What to work on: All lines below starting at the one that holds "Bundle includes: Elderflower" and ending at the one that holds "建物の反対側にはお風呂場があ" should be printed exactly, ends included. Pictures should not be printed, nor anything else.

Source data:
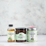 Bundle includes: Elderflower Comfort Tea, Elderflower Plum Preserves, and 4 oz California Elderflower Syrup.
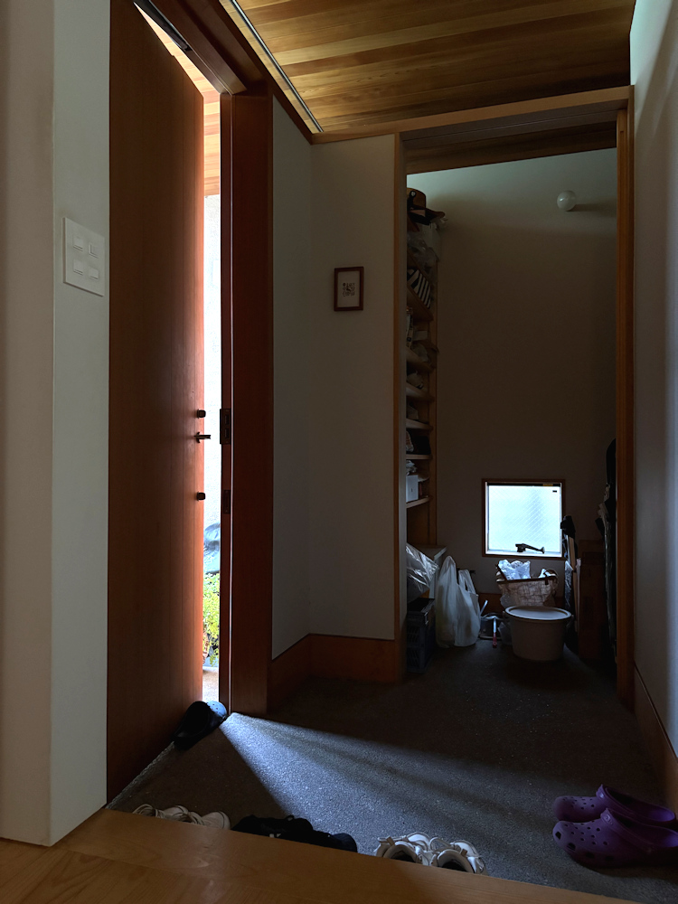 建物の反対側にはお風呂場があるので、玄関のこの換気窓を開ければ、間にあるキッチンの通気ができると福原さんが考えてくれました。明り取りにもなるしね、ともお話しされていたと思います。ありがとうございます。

--

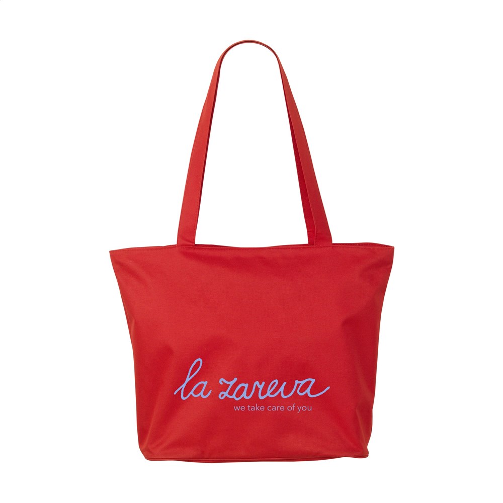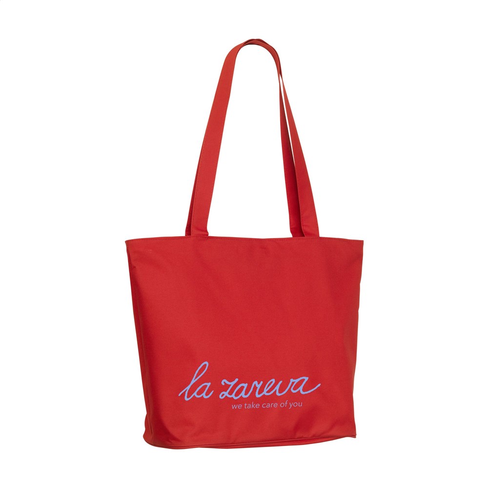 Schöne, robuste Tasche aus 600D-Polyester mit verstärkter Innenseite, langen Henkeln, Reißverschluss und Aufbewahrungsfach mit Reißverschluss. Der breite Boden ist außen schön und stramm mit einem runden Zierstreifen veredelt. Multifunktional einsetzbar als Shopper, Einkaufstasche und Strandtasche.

Task answer:
 Bundle includes: Elderflower Comfort Tea, Elderflower Plum Preserves, and 4 oz California Elderflower Syrup.
 建物の反対側にはお風呂場があるので、玄関のこの換気窓を開ければ、間にあるキッチンの通気ができると福原さんが考えてくれました。明り取りにもなるしね、ともお話しされていたと思います。ありがとうございます。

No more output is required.